*DATA RECORDS*
▼

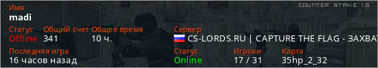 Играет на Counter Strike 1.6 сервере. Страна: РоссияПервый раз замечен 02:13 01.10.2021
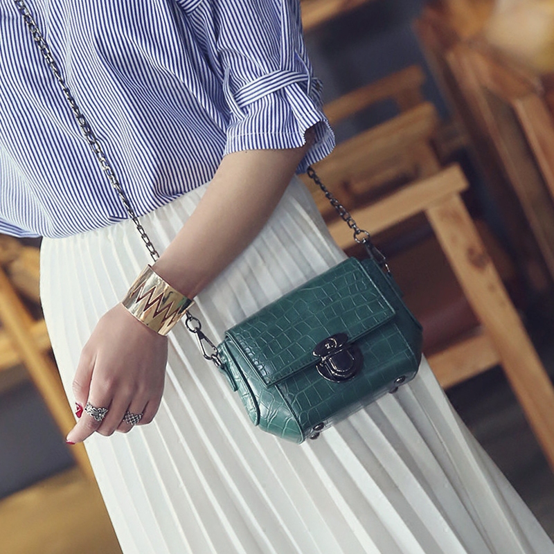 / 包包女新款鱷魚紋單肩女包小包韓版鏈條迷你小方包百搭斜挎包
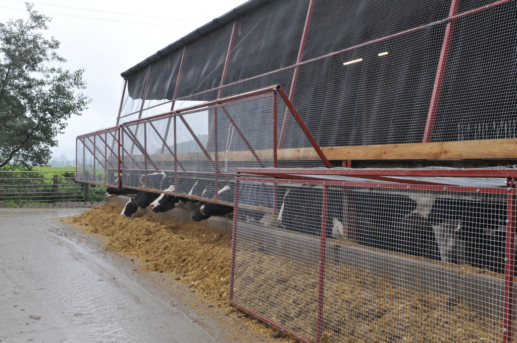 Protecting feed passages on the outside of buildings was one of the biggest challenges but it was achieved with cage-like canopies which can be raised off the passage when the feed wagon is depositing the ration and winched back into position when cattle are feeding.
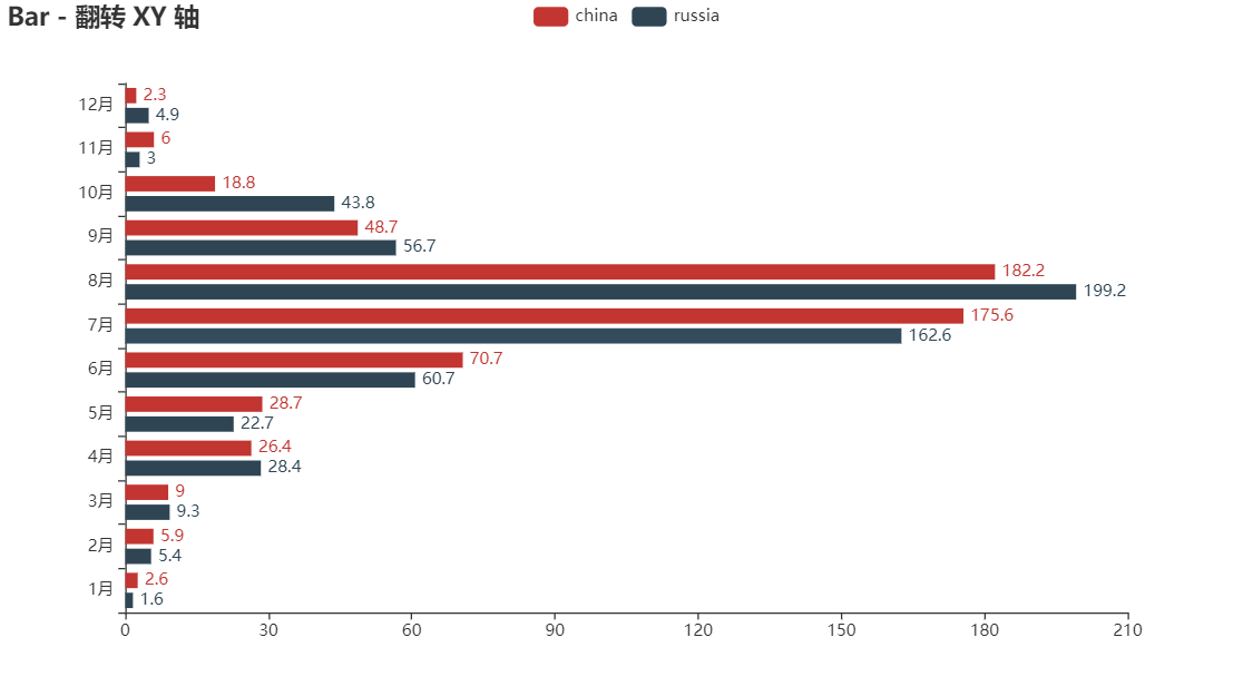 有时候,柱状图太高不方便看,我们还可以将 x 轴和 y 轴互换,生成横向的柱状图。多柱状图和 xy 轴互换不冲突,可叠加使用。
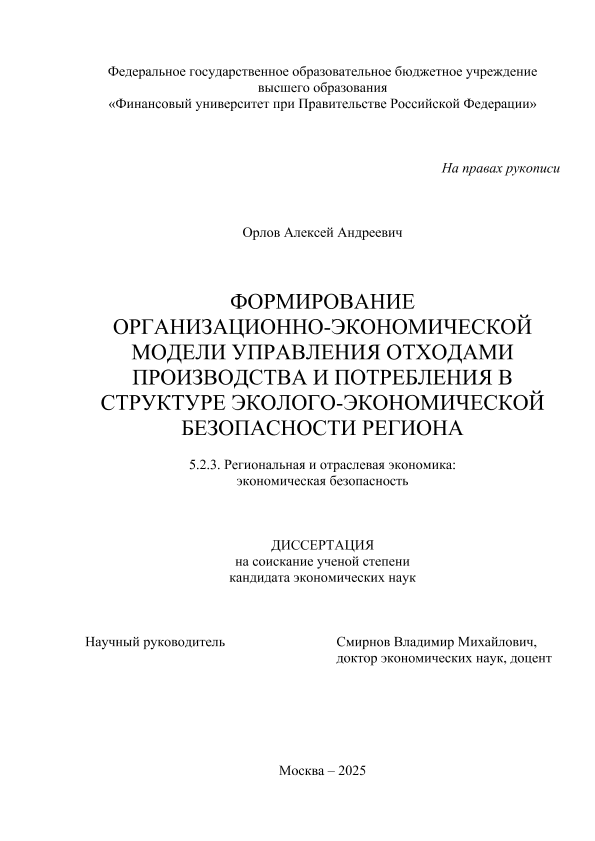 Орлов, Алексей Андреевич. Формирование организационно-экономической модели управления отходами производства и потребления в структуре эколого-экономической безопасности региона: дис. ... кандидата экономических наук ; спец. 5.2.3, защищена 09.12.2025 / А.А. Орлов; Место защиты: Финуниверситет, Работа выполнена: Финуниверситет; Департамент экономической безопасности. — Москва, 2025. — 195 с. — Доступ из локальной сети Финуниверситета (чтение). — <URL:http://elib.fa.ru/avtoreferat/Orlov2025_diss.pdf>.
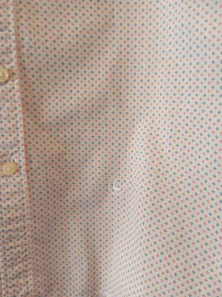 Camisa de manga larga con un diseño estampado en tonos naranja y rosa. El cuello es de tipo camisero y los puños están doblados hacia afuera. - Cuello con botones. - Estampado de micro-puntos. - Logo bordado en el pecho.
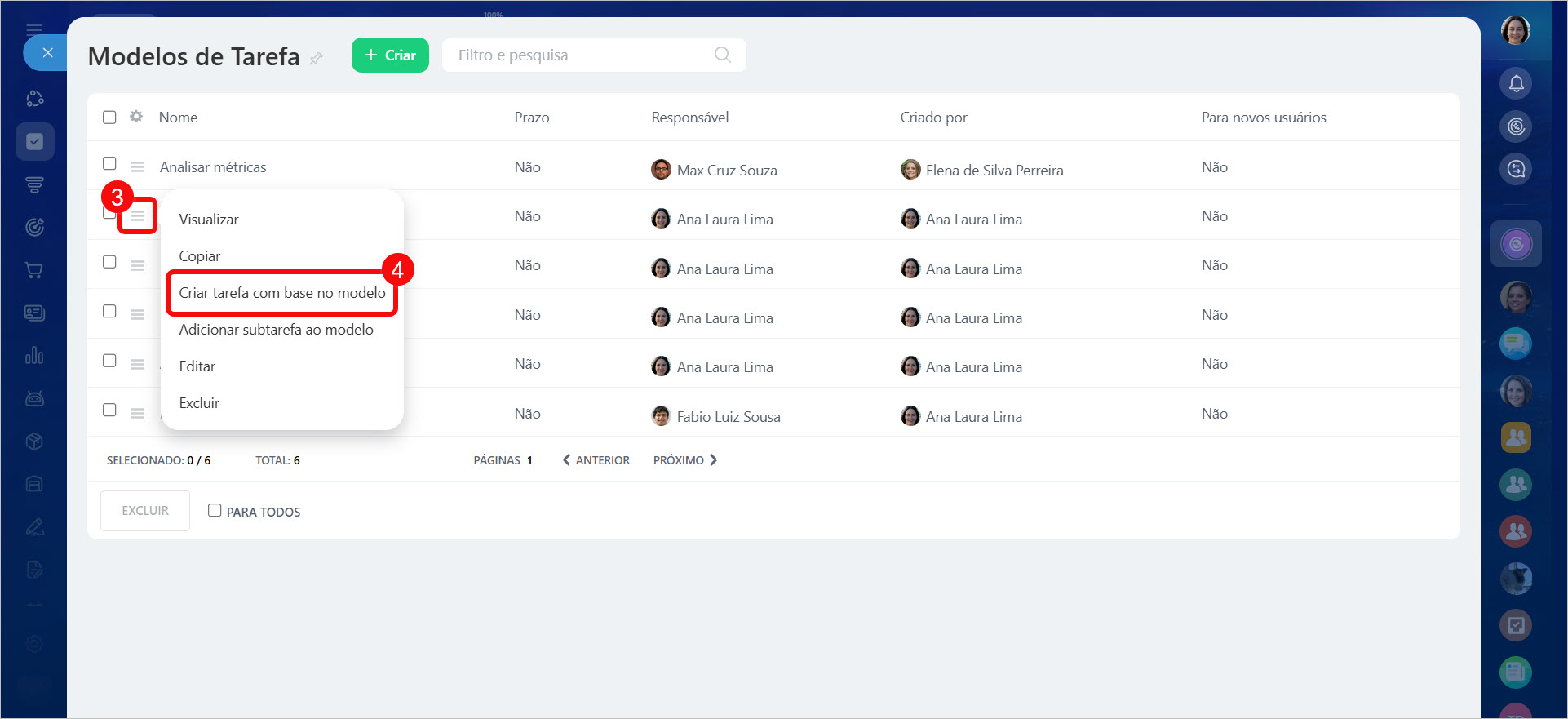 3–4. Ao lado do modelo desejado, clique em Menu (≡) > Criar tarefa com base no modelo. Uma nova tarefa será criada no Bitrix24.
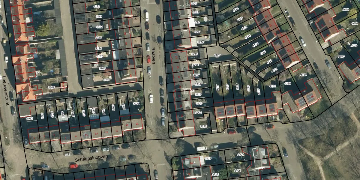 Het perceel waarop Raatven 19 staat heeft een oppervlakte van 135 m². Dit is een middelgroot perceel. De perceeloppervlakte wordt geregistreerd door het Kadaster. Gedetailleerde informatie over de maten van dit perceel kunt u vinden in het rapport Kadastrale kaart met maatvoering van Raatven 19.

▲
▼

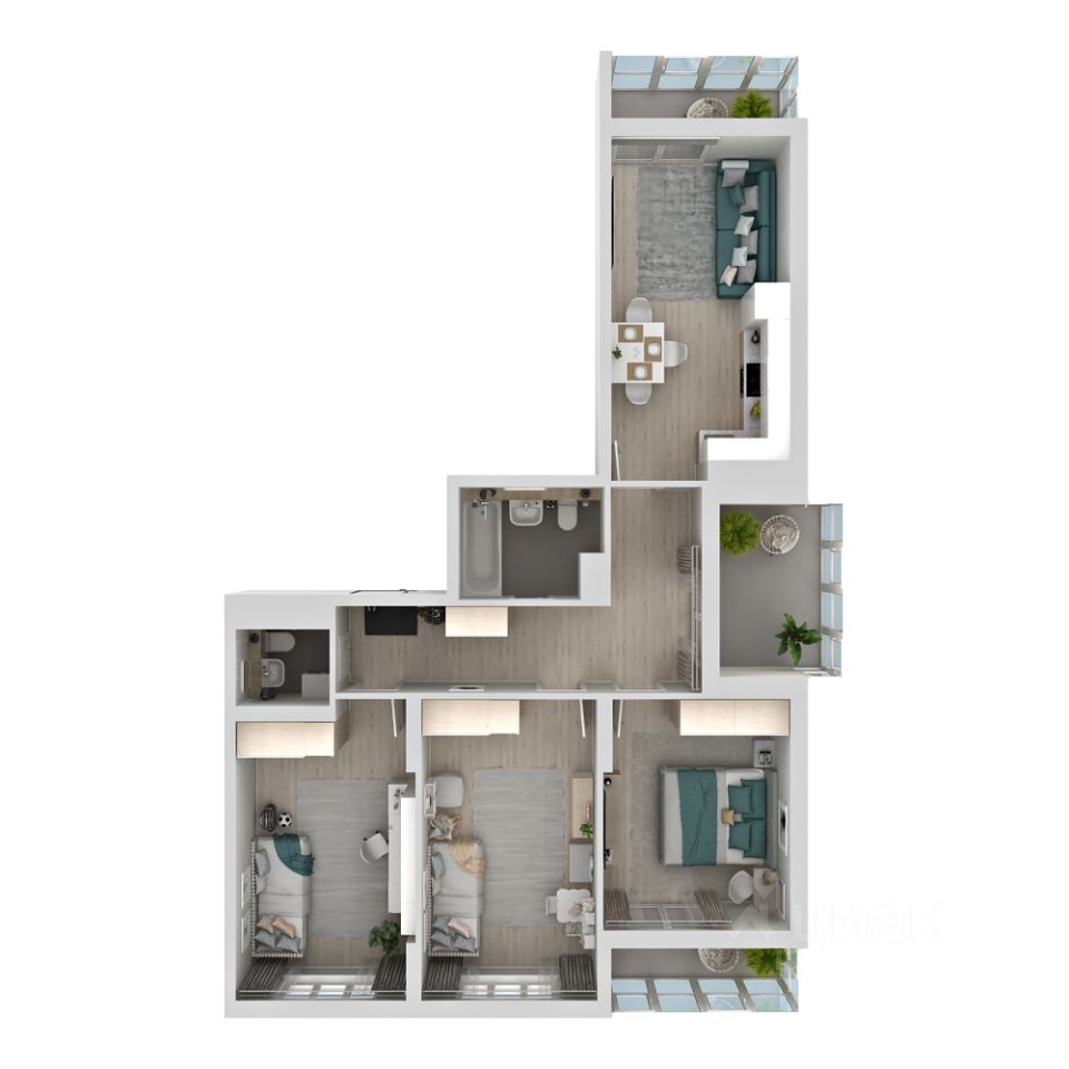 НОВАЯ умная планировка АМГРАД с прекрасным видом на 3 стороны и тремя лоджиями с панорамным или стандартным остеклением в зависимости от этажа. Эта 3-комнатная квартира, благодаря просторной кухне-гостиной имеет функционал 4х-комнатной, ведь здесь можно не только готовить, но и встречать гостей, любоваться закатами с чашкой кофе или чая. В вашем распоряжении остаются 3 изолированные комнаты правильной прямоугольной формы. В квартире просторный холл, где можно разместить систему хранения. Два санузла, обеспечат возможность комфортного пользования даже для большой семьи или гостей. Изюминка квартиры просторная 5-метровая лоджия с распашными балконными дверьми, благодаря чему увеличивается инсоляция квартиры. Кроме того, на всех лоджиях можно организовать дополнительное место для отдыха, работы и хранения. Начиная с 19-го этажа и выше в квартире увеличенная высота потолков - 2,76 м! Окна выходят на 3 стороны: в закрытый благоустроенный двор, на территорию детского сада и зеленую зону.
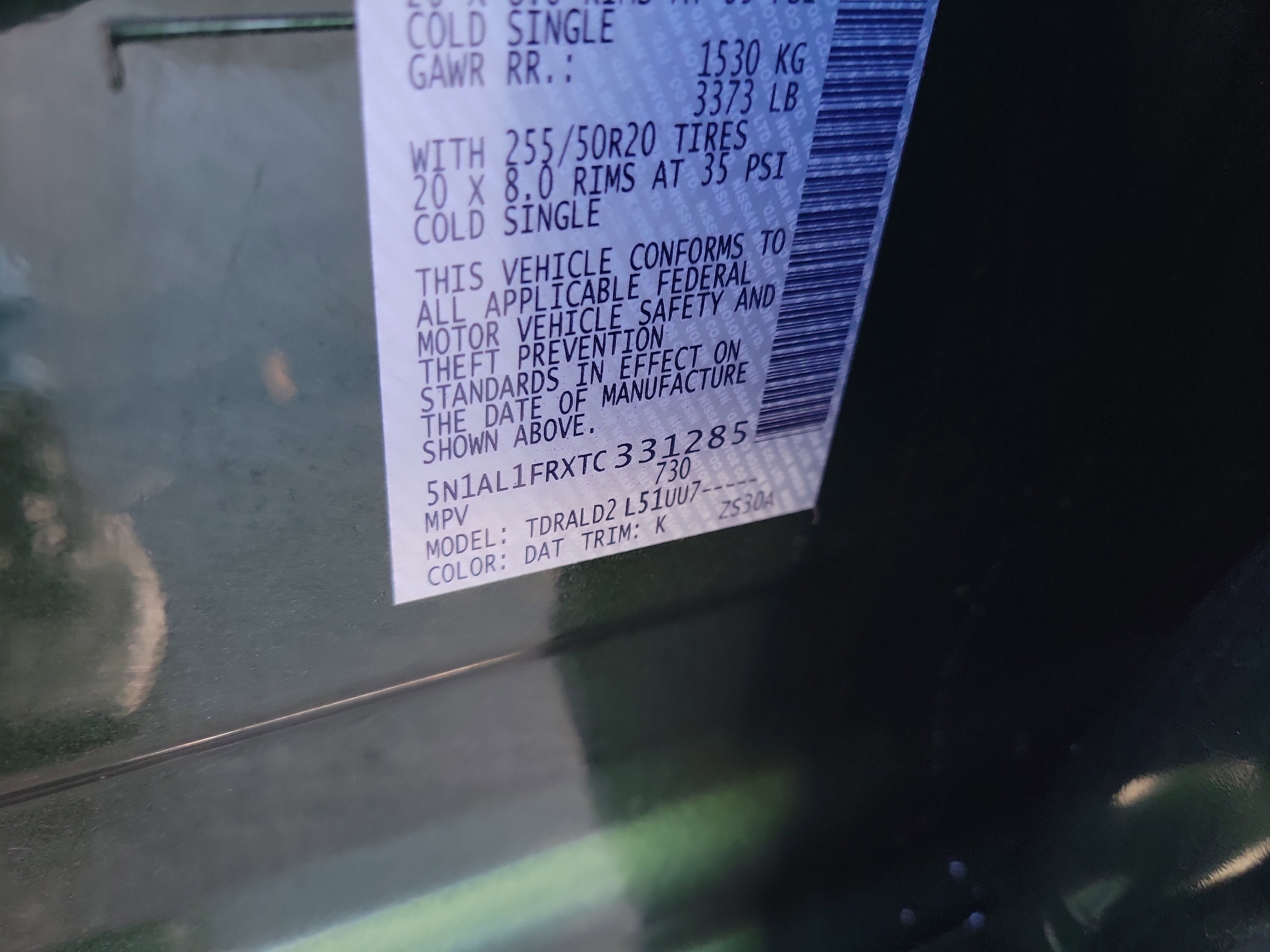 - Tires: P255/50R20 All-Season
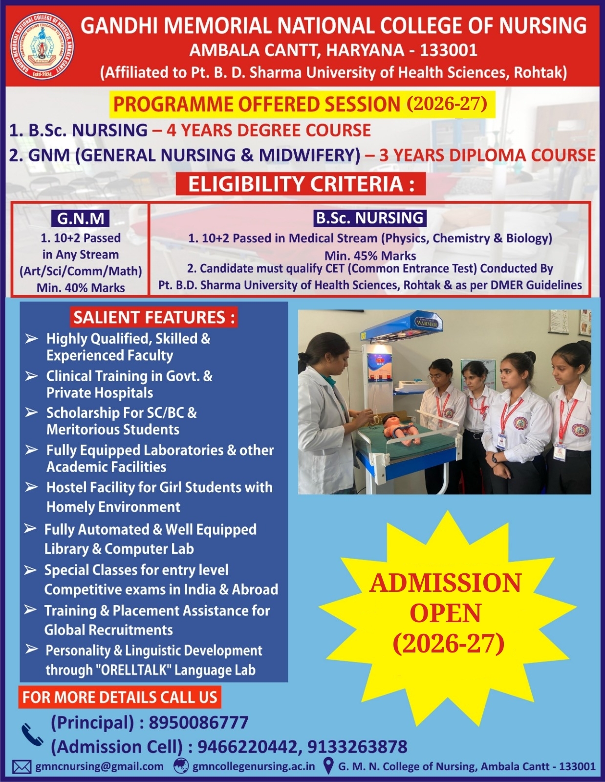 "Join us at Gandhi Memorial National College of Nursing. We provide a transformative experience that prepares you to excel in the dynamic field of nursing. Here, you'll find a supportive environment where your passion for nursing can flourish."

▲
▼

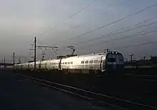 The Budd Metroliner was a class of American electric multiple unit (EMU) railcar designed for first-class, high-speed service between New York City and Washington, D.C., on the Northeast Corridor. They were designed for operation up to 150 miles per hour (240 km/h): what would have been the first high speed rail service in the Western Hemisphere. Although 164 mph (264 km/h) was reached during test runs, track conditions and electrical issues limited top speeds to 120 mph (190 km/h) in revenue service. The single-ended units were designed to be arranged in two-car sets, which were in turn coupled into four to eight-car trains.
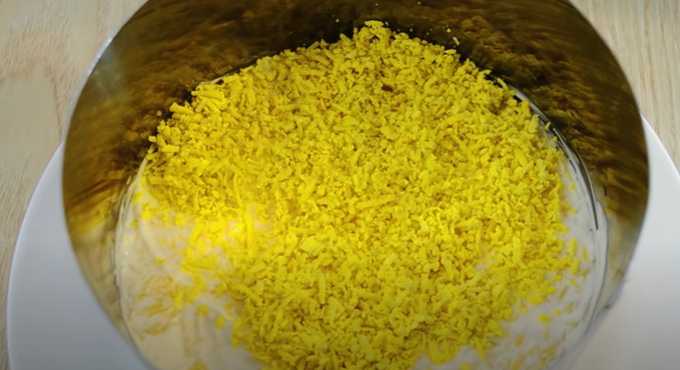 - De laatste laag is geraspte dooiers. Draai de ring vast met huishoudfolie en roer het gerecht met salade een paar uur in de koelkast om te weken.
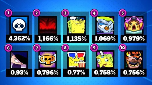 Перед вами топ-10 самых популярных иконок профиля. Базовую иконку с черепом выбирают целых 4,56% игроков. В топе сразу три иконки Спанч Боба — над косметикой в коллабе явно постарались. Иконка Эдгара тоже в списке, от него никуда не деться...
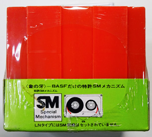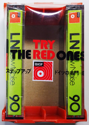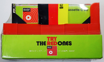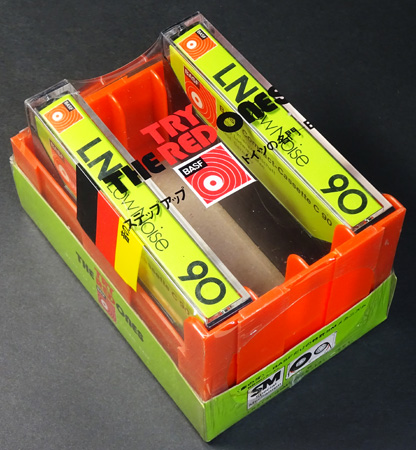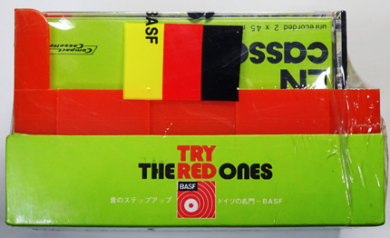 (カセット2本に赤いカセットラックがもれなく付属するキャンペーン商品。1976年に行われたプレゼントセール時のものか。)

▲

*TASK GOAL*
Copy only the lines above from the one containing "The Budd Metroliner" through the one containing "(カセット2本に赤いカセット", both included. Leave out the pictures.

*RESPONSE TO THIS EXERCISE*
 The Budd Metroliner was a class of American electric multiple unit (EMU) railcar designed for first-class, high-speed service between New York City and Washington, D.C., on the Northeast Corridor. They were designed for operation up to 150 miles per hour (240 km/h): what would have been the first high speed rail service in the Western Hemisphere. Although 164 mph (264 km/h) was reached during test runs, track conditions and electrical issues limited top speeds to 120 mph (190 km/h) in revenue service. The single-ended units were designed to be arranged in two-car sets, which were in turn coupled into four to eight-car trains.
 - De laatste laag is geraspte dooiers. Draai de ring vast met huishoudfolie en roer het gerecht met salade een paar uur in de koelkast om te weken.
 Перед вами топ-10 самых популярных иконок профиля. Базовую иконку с черепом выбирают целых 4,56% игроков. В топе сразу три иконки Спанч Боба — над косметикой в коллабе явно постарались. Иконка Эдгара тоже в списке, от него никуда не деться...
 (カセット2本に赤いカセットラックがもれなく付属するキャンペーン商品。1976年に行われたプレゼントセール時のものか。)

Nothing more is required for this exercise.